_What to do_:
From the entries below, reproduce exactly the lines from the one with "You the one girl better for me |" through the one with "Below the hob, there", both included, without images.

(Material for this exercise begins)

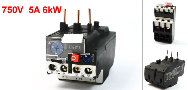 DetailsUi 750V Ith 5A 6kW Breaker Volt LR2-D1316C 1NO 1NC 3 Pole Thermal Overload Relay  Product Name Thermal Overload Relay Model LR2-D1316C Contact Type 1NC 1NO 3 Phase Ui 750V Ith 5A Uimp 6kW AC-15 24V 100VA, 48V 200VA, 110V 400VA, 230V 600VA, 400V 600VA Total Size (Approx.) 8.9 x 6.8 x 4.3cm / 3.5" x 2.7" x 1.7" (L * W * T) Color Black, White Weight 151g Package Content 1 x Thermal Overload Relay
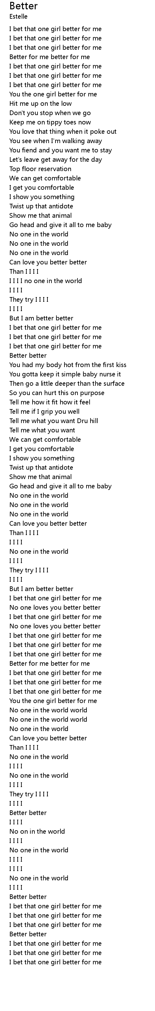 You the one girl better for me |
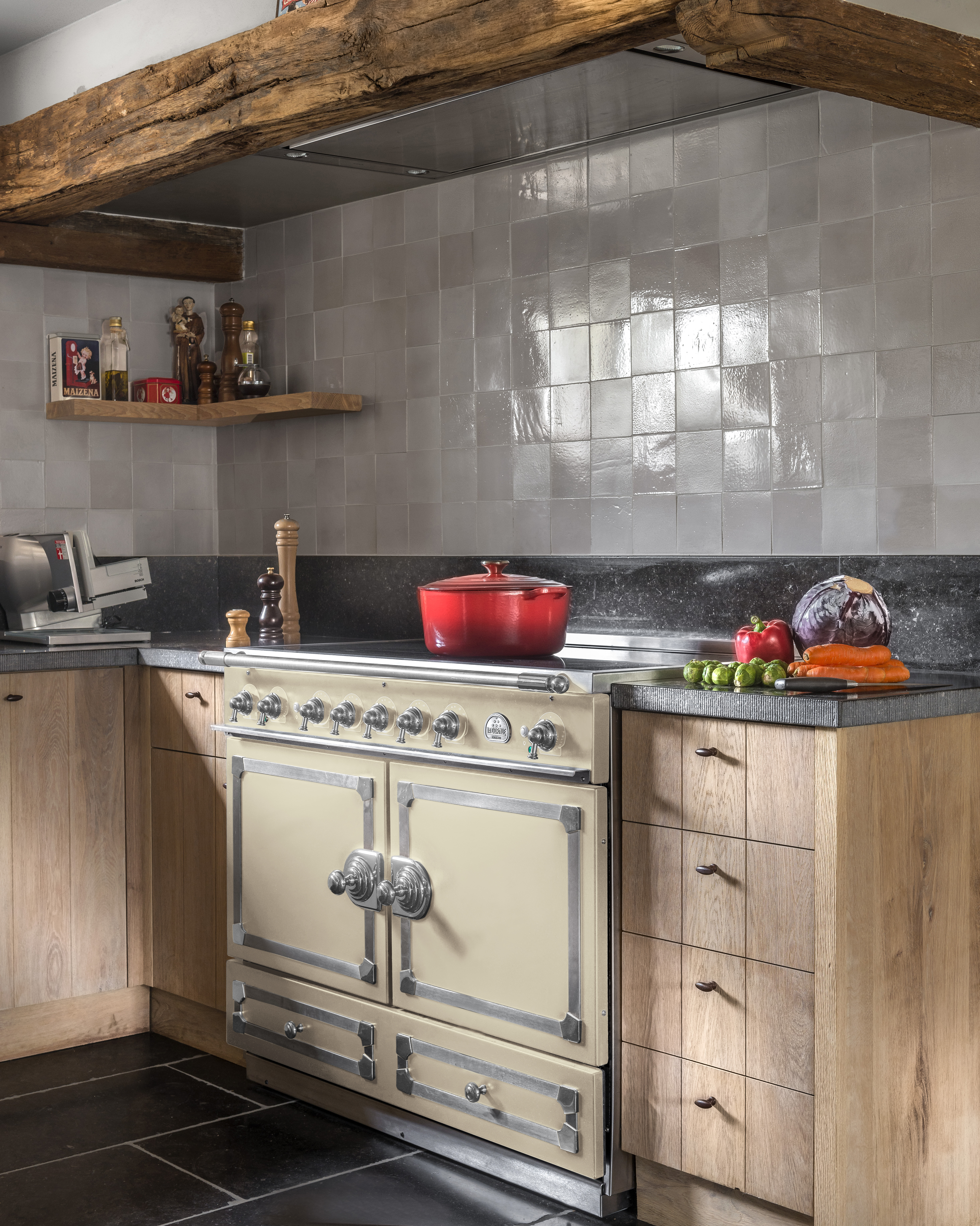 Below the hob, there are three cooking cavities: a fanned main oven with multiple functions, a conventional second oven and a separate electric grill. Designed with ease of use and maintenance in mind, the Farmhouse 100EI incorporates Easy-Clean enamel for simpler cleaning and a Maxi-Clock programmer for precise control.
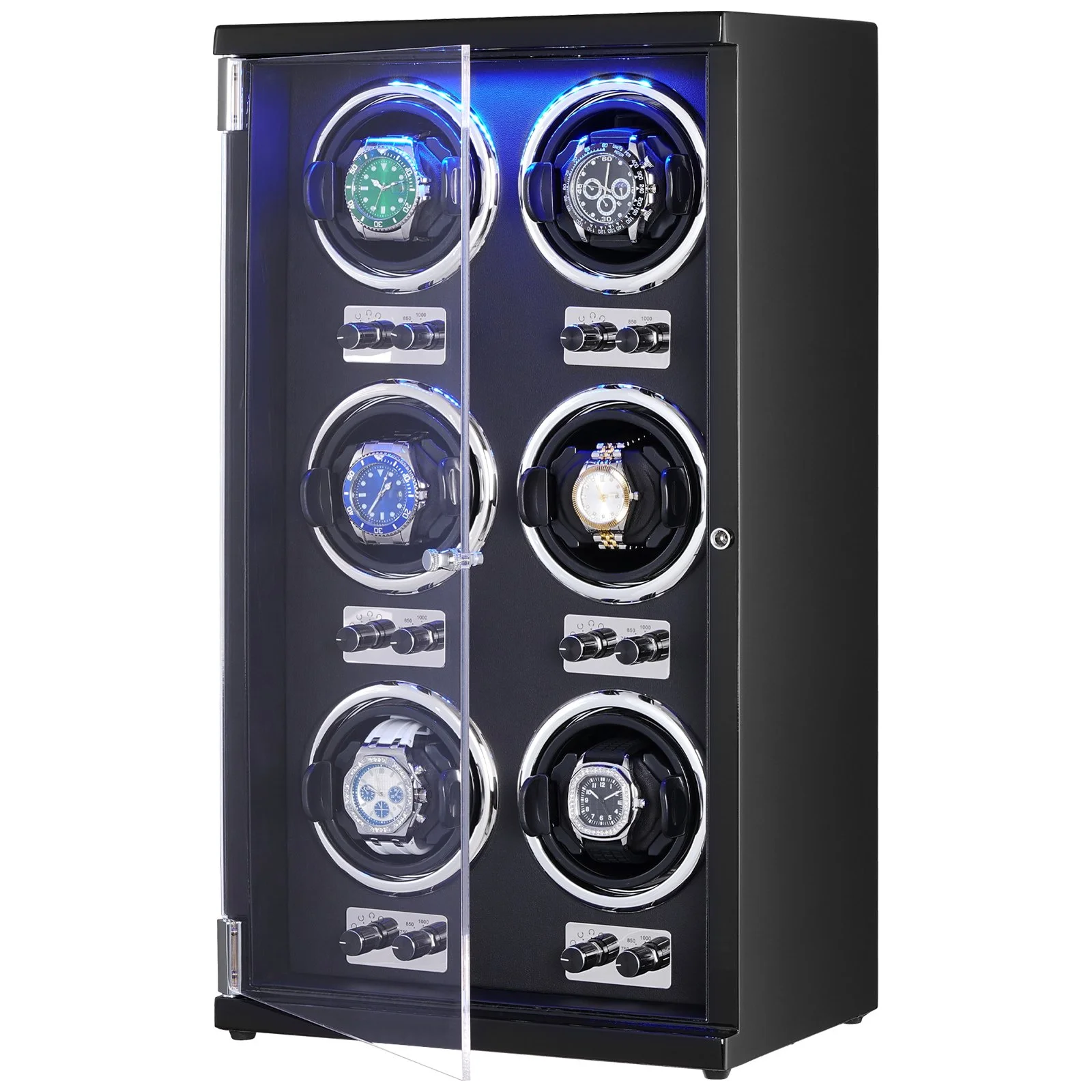 Our watch box winder features flexible watch pillows, accommodating watches with various strap lengths. The soft ABS material prevents scratches on your watches. The user-friendly open-lid stop function prevents unnecessary wear on the mechanism while allowing easy access to your watches. The LED blue light adds a touch of luxury, perfect for display and nighttime illumination. With two power supply modes, it's convenient for both home use and portability.
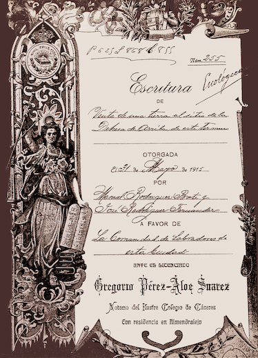 Con la colaboración de la “Comunidad de Labradores de Almendralejo”, que realiza las gestiones para la compra de unos terrenos que posteriormente se cederán para la construcción de edificio, y de la Caja Rural de Almendralejo, que dona un dinero para comenzar las obras, se termina su construcción en torno a 1.920.
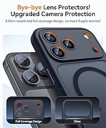 Perfect Compatibility: specifically designed for iPhone 17 Pro 6.3 inches (3 Camera Version). Tip: The translucent matte design on the back panel creates different visual effects that are influenced by the color of your phone Upgraded Full Coverage Camera Protection: full coverage protection for the camera, with a 2.5 mm raised border around the lens. It provides comprehensive protection for the lens without affecting photography Powerful Magnetic Attraction: compatible with MagSafe and Qi wireless chargers. It securely connects to magnetic accessories like wallets, power banks, and car mounts for a stable connection during rotation or movement Matte Texture & Silky Feel: crafted with flexible TPU frame and hard PC back with matte coating for premium touch. Non-slip, anti-fingerprint, easy to clean. Supports wireless charging and available in various colors to match your style Excellent Anti-drop Capability: made of thick shockproof TPU material for enhanced drop resistance. Each corner has shock-absorbing airbags for extra protection

(Material for this exercise ends)

_Result for this exercise_:
 You the one girl better for me |
 Below the hob, there are three cooking cavities: a fanned main oven with multiple functions, a conventional second oven and a separate electric grill. Designed with ease of use and maintenance in mind, the Farmhouse 100EI incorporates Easy-Clean enamel for simpler cleaning and a Maxi-Clock programmer for precise control.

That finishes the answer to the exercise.